These are mainly used for things like setMiso... enable_pins.

The obvious simple fix would be to move ore replicate these into the SPI object.
 
I don't have much to add other than to say that I would love to see these features. I have a few libraries right now which support SPI communication to sensors; I use the define statements to switch between SPI buses. It works, but leads to many more lines of code and more time spent on maintenance. I'd be willing to help test any proposed solutions using my sensor libraries - I currently have at least one of each Teensy 3.x and LC device available for testing.

Brian
 
I am making some progress with making one class to handle all of the SPI objects. Actually two. One does T3.x and one for TLC.

So far things are compiling. I have been able to run my Teensyview updated code with this library and it appears to be still running on default SPI pins... For the most part this test is bypassing using transfer methods... Will now build a version of this library that does the same without SPIN library installed... And see how well it works on different SPI busses.

If anyone wishes to look at the WIP I pushed up a version of Wire up to my fork:
https:://www.github.com/kurte/Wire In a new branch SPI-Multi-one-class
 
I am making some progress with making one class to handle all of the SPI objects. Actually two. One does T3.x and one for TLC.

So far things are compiling. I have been able to run my Teensyview updated code with this library and it appears to be still running on default SPI pins... For the most part this test is bypassing using transfer methods... Will now build a version of this library that does the same without SPIN library installed... And see how well it works on different SPI busses.

If anyone wishes to look at the WIP I pushed up a version of Wire up to my fork:
https:://www.github.com/kurte/Wire In a new branch SPI-Multi-one-class

Hi Kurt,

I think you meant this repo, instead of wire: https://github.com/KurtE/SPI/tree/SPI-Multi-one-class

Also, I tested your SPIN library with a sensor library WIP that I'm working on (VectorNav VN-100 and VN-200). It works well and I'm not getting much of a performance hit; on the order of about 3-4 us.
 
I am making some progress with making one class to handle all of the SPI objects.

I know this is painful, but have you reached out to Arduino devs and other board makers via Arduino's developer mail list? Yes, I know that usually just ends up with a ton of bikeshedding, but it really is important for this to get adopted upstream.
 
Thanks Paul,

I think trying to break this up into multiple semi independent things. Some I know would need to probably reach out to the mail list. Thought about it yesterday until I saw email saying it will be down for 24 hours...

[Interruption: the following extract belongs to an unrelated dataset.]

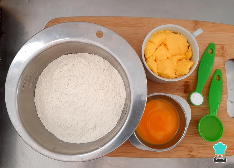 Agora vamos preparar a massa do empadão, que será tipo massa podre. Separe todos os ingredientes necessários.
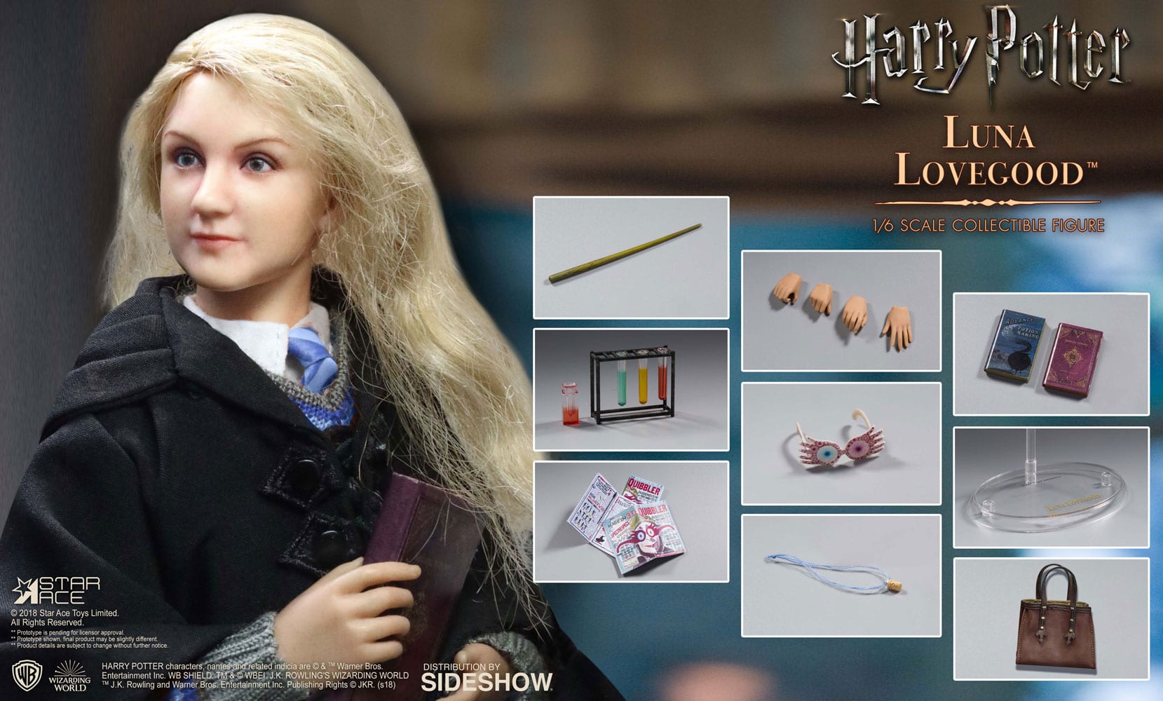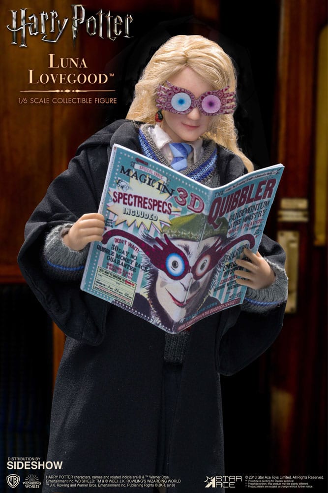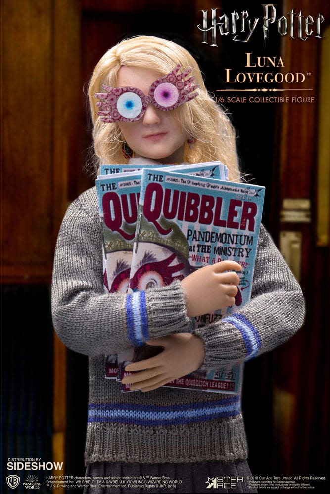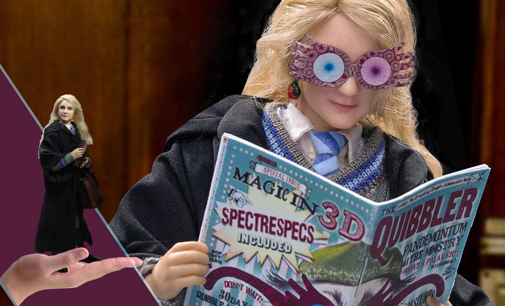 The Sixth Scale Collectible Figure of young Luna includes her Ravenclaw school uniform, Spectrespecs, issues of the Quibbler, dirigible plum earrings, Butterbeer cork necklace, and a Polyjuice potion vial.

---------------------------------------------------------

1) Having all of the SPI busses supported by one object SPIClass using stuff passed into constructor. This part I don't believe needs to be discussed up there much as this is already done with the Arduino M0 (probably M4) versions of SPI library, and likewise for the Adafruit versions of ARM boards.

---------------------------------------------------------

2) Maybe add some more query functions to better support multiple busses. They already have: setMISO, setMOSI, setSCK for setting this pins.

Teensy already has functions for checking/using CS pins: setCS, pinIsChipSelect

I like the pinIsChipSelect functionality and add similar: pinIsMISO, pinIsMOSI, pinIsSCK - As to allow apps/libraries be developed that can do validation without resorting to putting a bunch of if (miso == x or miso == y) with a bunch of #ifdef by is it a T3.2 or a 3.6....
This part I would talk about in email list.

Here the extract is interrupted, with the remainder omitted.